17 September: Sunday, September 15, the Macedonian voter overwhelmingly returned to power the former Social Democrat prime minister Branko Crvenkovski, dumping the ruling coalition led by the nationalist VMRO minister Ljubco Georgievski and partner, the moderate Democratic Party of Albanians. Both were widely accused of corruption.


The socialists, who governed the country from 1992 to 1998, are expected to invite the newly-elected Albanian Public Democratic Party to share power. This was mandated in the Western-brokered Ohrid peace accord, that last year halted the ethnic Albanian rebellion insurrection on the brink of civil war. The new ethnic Albanian face in Macedonian politics is Ali Ahmeti, formerly a key commander of the National Liberation Army (NLA) that led the rebellion. In the predominantly Albanian city of Tetovo, Ahmeti’s supporters danced and fired guns in the air to celebrate his victory. Ethnic Albanians are Muslims and account for roughly one-quarter of the population.


DEBKAfile‘s Balkans expert comments:


The voter turnout was low – no more than 50 percent, a reflection of the majority Macedonians’ disbelief in their ability of their politicians, elected or deposed, to heal this tiny landlocked Balkan nation’s afflictions. Two million Macedonians scarcely hope that any administration rising in Skopje can eradicate the country’s festering ill of organized crime, dominated by the Albanian mafia and Islamic extremists, which feeds on ethnic, religious and communal strife and does not conceal its ambition to establish a Greater Albania.


Neither Macedonian police officers nor international peacekeepers dare venture into parts of Tetovo and most of the villages strung along the country’s western frontier. Both are powerless to stem the almost daily shooting attacks on – and abductions of – Macedonians, even in the capital Skopje.

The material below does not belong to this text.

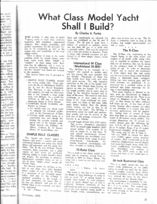 M. Y. R. “ x” A. A. CLASS (American 1,000 Square-Inch Sai] Area Class) RATING RULES Adopted Dec. 1939 by the M.Y.R.A.A. SAIL AREA (tota] NOT to exceed one thousand square inches, exclusive of roaches. HULL Hull, unrestricted as to the following: (1) Scantlings (6) Beam (2) Materials (7) Draft (3) Displacement (8) Freeboard (4) Load water line Jength (9) Tumble-home (5) Hull, Length over al] Restrictions: (1) Punts, Prams or forward transoms, prohibited. (2) Garboards: Hollow of garboard shal] NOT be LESS than an arc of a circle with a one inch ra- dius. May be checked by use of a disc two inches in diameter, fitted to garboards at any convenient station, (3) Ballast: Weight of lead ballast shal] be changed during a race or series of races. NOT Prohibited: (1) Sliding or adjustable keels. (2) A kee] havingaweb or fin of lesser thickness than 5/16” at its thickest place on its narrow- est waterline plane. (3) (4) (5) (6) (7) (8) Center-boards. Lee-boards. Bilge-boards. Bowsprits. Overhanging,rudders Outriggers, pontoons or twin hulls. (9) Movable or shifting ballast. (10) Prognatous keels; specifically: no portion of the forward or leading edge of the kee] appendage may project forward of any portion of the leading edge above. 54 M.Y.R.A.A. “X” Class RIG Rig, Unrestricted as (1) to the following: Any type of rig allowed, providing batten limits are not exceeded. (2) Alternate, or smaller rigs vided total] (3) limited. (4) sai] allowed, area Jimit is not exceeded. Height of rig, mast, pro- or forestay is not Masts‘and spars may be of any type, section or material, Rig, restricted as to the following: (1) The greatest diameter of mast and spars is limited to one inch. (2) Headsticks or headboards sha]] not exceed one inch across base. (3) Wire or other stiffening shal] not be put in head or foot of sails. Corners of sails may be re-enforced with the same material of which the sail is made. (4) Battens shal] divide the after leach/es into approximately equal parts. MAINSAIL not to exceed four in number, upper and Jower shal] not exceed four inches each in length. mediate battens not to exceed five inches length. JIB BATTENS not to exceed three in each not to exceed three inches in length. BATTENS battens [Intereach in number, (5) Roach of sails shal] NOT exceed two (2) inches. Rounded foot of loose-footed sails NOT measured. Prohibited: Spinnakers. (1) (2) Reaching or Genoa jibs. Sails unfairly sheeted or set No jib or foresail shal] main boom. Two minsai]s shal] be sheeted onto the not beset at the same time. VALIDITY OF CERTIFICATES (See “ Genera] Rules Governing Rating’and Measurement’’)., Rating certificates and Registration Cards are valid only during the calendar year in which they are issued, 55 M.Y.R.A.A. “X”” Class Any changes affecting the sai] area LIMITS cancels Measurement Certificate and Registration Card. A change of owner, club, or name of yacht cancels Measurement Certificate and Registration Card. The onus rests at al] times with the owner to notify his Club Secretary or Measurer of anything whatsoever that may necessitate re-measuring or reregistration. Fo]]owing any such change or alteration the owner shal] surrender his Measurement Certificate and Registration Card to the Club Measurer for cancellation, and such yacht must be remeasured and re-registered before it is again allowed in competition, X-CLASS SAIL AREA MARKS In the X Class, both mainsail] and jib shal] be marked with the officia] M.Y.R.A.A. stamp by the Club Measurer, in the lower corner of sail nearest the mast. The amount of the measured sai] area to be added in the space provided with waterproof or indelible ink. The official M.Y.R.A.A. stamp shal] be an equilatera] triangle with base and sides measuring 7/8 inches with the letters “M.Y,R.A.A.”’ at base, Such stamp to be of rubber and to be had from the M.Y.R. A.A, Registrar. SAIL AREA MEASUREMENT No fore-triangle measurement is taken, ACTUAL sail area, excluding roaches, (See “Calculation of Sai] Area”. only the is measured. ROACH OF SAILS Roach of sails shal] NOT exceed two (2) inches. Rounded foot of loose-footed sai]s NOT measured. CALCULATION OF SAIL AREA See “Genera] Measurement”, Rules Governing Registration and 56

Violence is also rife in the Albanian-dominated areas where rival ethnic Albanian factions wage turf wars. The PDP party that guerrilla leader-turned politician Ahmeti established for the election is challenged by Arben Xhaferi’s Democratic Party of Albania. A showdown between the two – both leading lights of the NLA (an offshoot of the Kosovo Liberation Front, hence the group’s acronym of KLA/NLA) – is inevitable now that the election is over. Already, a wave of reciprocal liquidations has begun. More than one gangster has been gunned down in his favorite outdoor haunt by a speeding motor cyclist.


Untold profits are at stake: control over the most lucrative dope smuggling route in Europe – the Balkans Golden Triangle. Albanian liberation fighters battling in the hills of Macedonia and southern Serbia have been identified by international law enforcement agencies as the paramilitary wing of the Albania mafia which traffics in drugs, women, stolen luxury cars and other contraband to Europe, Russia, Africa and across the Atlantic.


German and Scandinavian police say Kosovo Albanians are their countries’ leading suppliers of heroin and other drugs. In Italy, police say Albanian gangsters are the leading importers of prostitutes from Eastern Europe and Russia.


The Albanian mafia is estimated to control at least 80 percent of the heroin entering Western Europe, and 40 percent of the drug sold in Europe and North America


Unrest in Macedonia and Kosovo is a positive boon for these criminal activities.


Huge sums of money flowing from Kosovar-Macedonian Albanian control of the Central European drug market fund terrorist activities in Tetovo and Kosovo. They finance the purchase of the latest weaponry and have long funded an international industry promoting ethnic Albanian victimhood over that of any other member of the Balkans’ ethnic rainbow.


Beside its links to crime, the KLA/NLA has opened the door of Macedonia to Osama bin Laden’s al Qaeda and Islamic elements from the Middle East, a presence that poses a potential threat of extremist Muslim penetration to other parts of former Yugoslavia and their European neighbors.